Friday, December 21, 2007

7:30am Blah Blah

Right now I’m brewing the day’s first pot of coffee and toasting up some toast, the Clifford Dog show is in the back ground, giving Sarah her morning fix of cartoons. I’m going to take this opportunity to just ramble bang the day into go mode.

Coffee at Starbucks is laced with crack, just in case you are wondering. Here is how it works. Columbian beans used for many Starbucks blends is grown in the same fields in South America where coca leaves where once cultivated. This has left a narcotic muck in the soil, a permeation of it. All things grown in this soil will create an addiction similar to narcotic addiction. If they where growing strawberries down there, it would be crazy addictive strawberries. There have actually been cases of armed robbery and muggings at and around Starbucks from this new bread of bean junkie. Be warned. Once a Starbucks opens in your neighborhood, the neighborhood will quickly determinate in to a slum. If you have Starbucks coffee in your house, keep it locked up and away from kids.
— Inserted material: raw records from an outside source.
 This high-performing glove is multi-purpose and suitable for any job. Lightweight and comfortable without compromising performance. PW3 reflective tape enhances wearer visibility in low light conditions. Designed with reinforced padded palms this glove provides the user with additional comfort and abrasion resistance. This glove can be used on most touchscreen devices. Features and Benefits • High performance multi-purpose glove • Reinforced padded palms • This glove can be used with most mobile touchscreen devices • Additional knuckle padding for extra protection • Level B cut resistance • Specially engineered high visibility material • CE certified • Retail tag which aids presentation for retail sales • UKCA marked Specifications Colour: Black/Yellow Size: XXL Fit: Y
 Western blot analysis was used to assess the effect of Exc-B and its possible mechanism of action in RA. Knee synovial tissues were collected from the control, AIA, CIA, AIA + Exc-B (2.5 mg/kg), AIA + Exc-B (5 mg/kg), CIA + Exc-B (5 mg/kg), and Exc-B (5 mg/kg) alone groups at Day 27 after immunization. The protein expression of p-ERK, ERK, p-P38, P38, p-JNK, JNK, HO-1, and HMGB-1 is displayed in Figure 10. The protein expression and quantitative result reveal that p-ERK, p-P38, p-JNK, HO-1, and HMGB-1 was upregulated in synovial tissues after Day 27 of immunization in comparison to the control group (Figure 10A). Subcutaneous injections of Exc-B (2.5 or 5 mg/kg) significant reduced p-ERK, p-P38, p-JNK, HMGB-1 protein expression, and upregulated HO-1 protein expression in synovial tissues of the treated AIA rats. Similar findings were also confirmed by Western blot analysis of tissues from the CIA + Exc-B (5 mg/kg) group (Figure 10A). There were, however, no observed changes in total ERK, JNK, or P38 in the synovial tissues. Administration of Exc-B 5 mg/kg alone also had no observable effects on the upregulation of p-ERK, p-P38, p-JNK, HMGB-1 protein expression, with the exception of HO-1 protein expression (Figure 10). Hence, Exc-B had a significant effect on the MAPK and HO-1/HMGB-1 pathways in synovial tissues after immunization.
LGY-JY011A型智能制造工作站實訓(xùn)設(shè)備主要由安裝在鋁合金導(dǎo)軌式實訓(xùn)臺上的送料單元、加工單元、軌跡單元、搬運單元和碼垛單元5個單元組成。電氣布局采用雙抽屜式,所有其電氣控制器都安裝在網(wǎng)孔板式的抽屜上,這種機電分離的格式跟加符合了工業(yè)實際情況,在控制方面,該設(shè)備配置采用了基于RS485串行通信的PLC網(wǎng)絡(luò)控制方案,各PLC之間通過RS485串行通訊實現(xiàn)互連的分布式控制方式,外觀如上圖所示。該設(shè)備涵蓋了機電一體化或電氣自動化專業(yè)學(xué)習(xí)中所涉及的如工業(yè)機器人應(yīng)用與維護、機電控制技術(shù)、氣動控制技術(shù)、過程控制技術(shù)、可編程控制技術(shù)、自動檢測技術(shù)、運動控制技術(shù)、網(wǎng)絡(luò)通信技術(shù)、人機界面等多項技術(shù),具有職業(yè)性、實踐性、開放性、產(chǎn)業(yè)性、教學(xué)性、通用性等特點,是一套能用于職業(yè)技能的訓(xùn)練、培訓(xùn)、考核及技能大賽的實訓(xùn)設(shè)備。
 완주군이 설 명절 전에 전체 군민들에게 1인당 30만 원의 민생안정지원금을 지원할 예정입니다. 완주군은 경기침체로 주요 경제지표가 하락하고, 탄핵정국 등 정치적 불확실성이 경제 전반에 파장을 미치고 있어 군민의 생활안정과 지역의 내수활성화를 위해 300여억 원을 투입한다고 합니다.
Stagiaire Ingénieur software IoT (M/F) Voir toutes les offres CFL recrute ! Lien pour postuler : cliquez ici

Last week there was the first case of a Starbucks heist, where seven men in Halloween masks stormed a store and forced the crew at gun point to brew gallons of coffee that where loaded into plastic five gallon jugs. This could be either for private consumption or resale on the street, where it is now popular to be taken intravenously.
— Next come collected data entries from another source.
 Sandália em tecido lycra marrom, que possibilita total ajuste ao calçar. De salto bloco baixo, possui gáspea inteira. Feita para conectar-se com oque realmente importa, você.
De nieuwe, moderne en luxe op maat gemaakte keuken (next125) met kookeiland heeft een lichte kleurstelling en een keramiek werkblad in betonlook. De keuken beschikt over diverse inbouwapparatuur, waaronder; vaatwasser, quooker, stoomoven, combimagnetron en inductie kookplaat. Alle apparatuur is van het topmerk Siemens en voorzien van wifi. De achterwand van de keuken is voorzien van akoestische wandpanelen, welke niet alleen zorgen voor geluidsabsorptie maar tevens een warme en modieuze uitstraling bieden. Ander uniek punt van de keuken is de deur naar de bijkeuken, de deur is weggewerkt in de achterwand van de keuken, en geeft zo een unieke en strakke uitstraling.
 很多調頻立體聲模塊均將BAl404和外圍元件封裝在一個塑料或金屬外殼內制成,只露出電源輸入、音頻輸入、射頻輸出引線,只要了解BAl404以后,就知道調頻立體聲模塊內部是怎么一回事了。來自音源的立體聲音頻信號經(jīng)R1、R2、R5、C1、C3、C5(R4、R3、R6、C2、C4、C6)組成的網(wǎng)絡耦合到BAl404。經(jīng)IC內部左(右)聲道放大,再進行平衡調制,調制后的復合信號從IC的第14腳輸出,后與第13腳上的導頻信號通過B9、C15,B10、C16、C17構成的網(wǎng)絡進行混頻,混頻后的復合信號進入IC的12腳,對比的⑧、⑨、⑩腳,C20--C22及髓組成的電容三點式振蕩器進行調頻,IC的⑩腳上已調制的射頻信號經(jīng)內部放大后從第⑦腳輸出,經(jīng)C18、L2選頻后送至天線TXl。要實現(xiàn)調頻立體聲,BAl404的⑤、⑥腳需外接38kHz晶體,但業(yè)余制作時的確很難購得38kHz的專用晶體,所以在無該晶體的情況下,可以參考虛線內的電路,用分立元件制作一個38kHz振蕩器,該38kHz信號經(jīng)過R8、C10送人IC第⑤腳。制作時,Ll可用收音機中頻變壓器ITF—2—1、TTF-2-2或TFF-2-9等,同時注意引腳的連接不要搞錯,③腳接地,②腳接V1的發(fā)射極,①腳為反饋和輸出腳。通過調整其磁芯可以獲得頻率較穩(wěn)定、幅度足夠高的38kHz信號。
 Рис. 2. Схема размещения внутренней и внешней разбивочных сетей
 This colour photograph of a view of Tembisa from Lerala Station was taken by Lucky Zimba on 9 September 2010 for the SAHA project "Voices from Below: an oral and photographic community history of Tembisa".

Ever wonder why when you buy beans and bring them home the brew is not as potent as what you get at the store. Most home machines can not handle the amount of coffee used in the store to brew a pot, so it is weaker. Buy a bigger machine. Also those pots have been seasoned with years of that narcotic residue that can not be rinsed out. An addictive stain. In theory you could do the same with any stainless steel decanter. Fill it with some hot store made Starbucks coffee and then bury it in your back yard for no less then here weeks. The earth and darkness will mingle with the brew, and bond with the steel.

Now every time you brew a new pot, pour it immediately into this decanter and let it ruminate for a few minutes before serving. Notice the difference.